Amazing Mersin

Before my last trip to Turkey, I didn’t know that, it turns out, this country may be completely different. I was addicted to go there – directly – to Antalya, to rest almost every year: the area is already a long time ago known, the sea is immaculate and almost hot, the beaches are more than good.

In addition, she managed to acquire a close company there, and in Antalya I have fellow Turks with whom you can talk at any time and who will pave the way to the best entertainment place of the town in the evening. I was always satisfied with everything: hotels, and cheerful, harsh tourists, and the flow of plastic Chinese souvenirs at every turn.

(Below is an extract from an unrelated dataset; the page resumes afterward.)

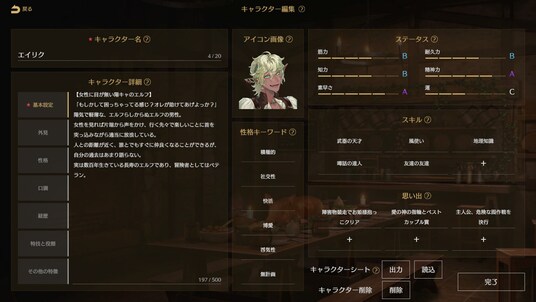 シナリオをクリアすると、物語の内容に合わせた「スキル」や「思い出」が自動生成され、唯一無二の経験がキャラクターに蓄積されていきます。キャラクター情報はいつでも編集できるので、キャラクター同士の関係性もプレイヤーの思いのままです。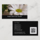 Crisantemos frescos hermosos que estallan en la floración en cierre para arriba. Tarjetas de visita de encargo de la fotografía floral. Añada su propio texto y el código de QR (o suprima si no necesitado). Modifique para requisitos particulares para más opciones (colores de las fuentes, posiciones, el texto adicional)

I quite liked the noise, special cafes, hordes of people.

This year, having listened to the magnificent responses about Mersin and succumbed to the admonitions of my girlfriend, I changed my mediocre direction for the first time. In principle, I did not expect any special differences of this trip from all previous ones. I remember very well how I thought before the plane: “well, Turkey is Turkey in Africa” – although this statement in itself is absolutely ridiculous. It turned out that I was completely mistaken in my own judgments.

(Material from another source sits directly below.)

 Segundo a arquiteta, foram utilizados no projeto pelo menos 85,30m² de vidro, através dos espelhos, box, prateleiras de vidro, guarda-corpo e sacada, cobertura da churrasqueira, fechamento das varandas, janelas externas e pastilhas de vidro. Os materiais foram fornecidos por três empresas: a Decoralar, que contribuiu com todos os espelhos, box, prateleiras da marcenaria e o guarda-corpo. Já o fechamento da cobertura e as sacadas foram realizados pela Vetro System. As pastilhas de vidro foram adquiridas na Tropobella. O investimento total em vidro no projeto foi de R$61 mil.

Mersin is a completely different Turkey, unknown to most holidaymakers. It is no secret to anyone that Turkey has long since become a kind of “affordable” resort in the whole country. For very many people, especially Russians, vacation in Turkey has long been something commonplace. This fully corresponds to especially well-known resorts, but my language does not turn around to include Mersin there.

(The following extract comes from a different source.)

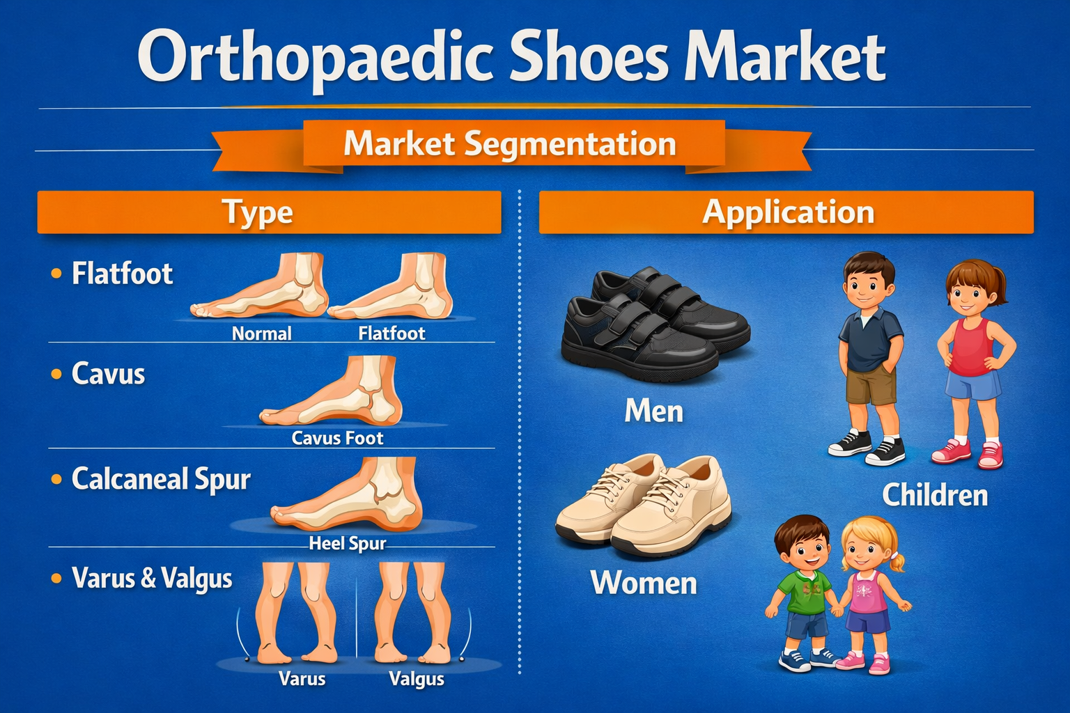 The orthopaedic shoes market is segmented based on type (flatfoot, cavus, calcaneal spur, varus and valgus) and application (men, women, and children). Geographically, the market spans North America, Europe, Asia-Pacific, Middle East & Africa, and South & Central America.

In Mersin, it turns out, much calmer and more pleasant than in the same Antalya. The region itself is located slightly south of my usual resting place, and it is felt. It is felt that the sea is different, the air is more transparent, it is generally somehow more.

On this very land, on which Mersin was erected, in which I had to live, countless lives had been lived — fascinating and ordinary, unforgettable and forgotten. This is best of all and, first of all, the scale of what happened, is felt after visiting the city museum (in any case, do not miss it if you visit this city!). The expositions are very exciting, they also cost you to spend your precious time on them, and, especially, the lire spent on a ticket.

Surprisingly, the greatest impression, for some unknown reason, was made on me by a citadel called Kizkalesi. Naturally, it belongs to the main attractions of Mersin, but it is not very often mentioned.

In general, the place is unusual, so nice, relatively serene and incredibly comfortable. I just wanted to share new emotions, maybe it will turn out to dissuade someone else to follow the “Antalya rule” and the others and to visit something more kind and true.